My golden has a strange fur texture. It may be nothing, but I one was curious if anyone knew what I can do about it? I feed him Fromm Pork and he gets Salmon oil on his food, so the rest of his fur is very sleek and shiny. However, once it gets to the fluff under his tail and his thighs, the fur gets extremely think and almost wool-like. I've tried brushing it out normally as well as using a Furminator, but nothing makes it the same as the rest of him. Any idea what the change could be or what I can do?


----------



## mylissyk (Feb 25, 2007)

That is a normal texture for the feathers on the hips. Robbie's hips and tail are thick and woolly. Lilah's is not as thick, but has the same texture as Robbie's.


----------



## Starweb9 (Apr 17, 2014)

Ooh, okay. Thank you. I was mostly worried because he tends to bite at that fur in particular a lot. He doesn't have fleas or anything, so I didn't know if the fur change bothered him.


----------



## Megora (Jun 7, 2010)

Don't use the furminator.... could be damaging the coat even more. 

Other thing is you could be describing the effects of spay coat, if your dog's been neutered/spayed. The feathering and also the thicker longer areas of actual coat tend to get wooly or cottony. 

Best way to handle is you can purchase detanglers or conditioners and use them every time you brush the coat. This will help reduce breakage and it will help keep the coat healthy. I put a couple drops of conditioner in a spray bottle... and just shake it up before every use. 

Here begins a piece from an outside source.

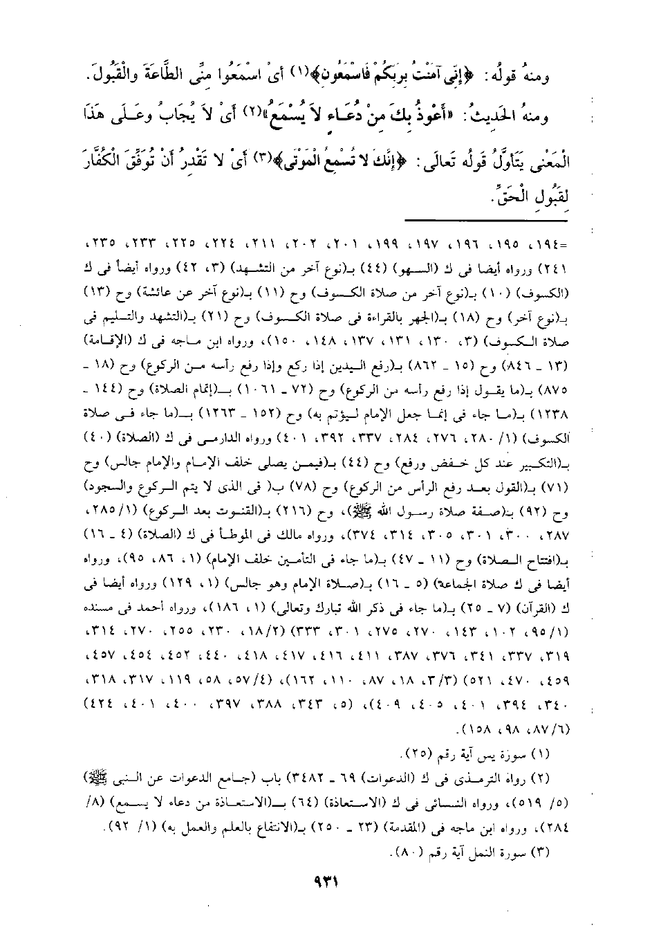 ومنه الحديث: (أعوذ بك من دعاء لا يسمع) أي لا يجاب وعلى هذا المعنى يتأول قوله تعالى: {إنك لا تسمع الموتى} أي لا تقدر أن توفق الكفار لقبول الحق.

Laura Salvatore (another GRF member) as well as others drilled it into my head a couple years back to never brush the coats without spritzing water on. And knock on wood it's helped keep my dogs coats healthy and full.


----------



## Starweb9 (Apr 17, 2014)

I did not know about always spritzing water before brushing, but I will definitely do that from now on! Should I never use a furminator on him? I did notice the wooly fur on his thighs showed up after we got him neutered last winter, so that would make sense. 

Are there any conditioners you recommend specifically? Also, what sort of brush should I be using?


----------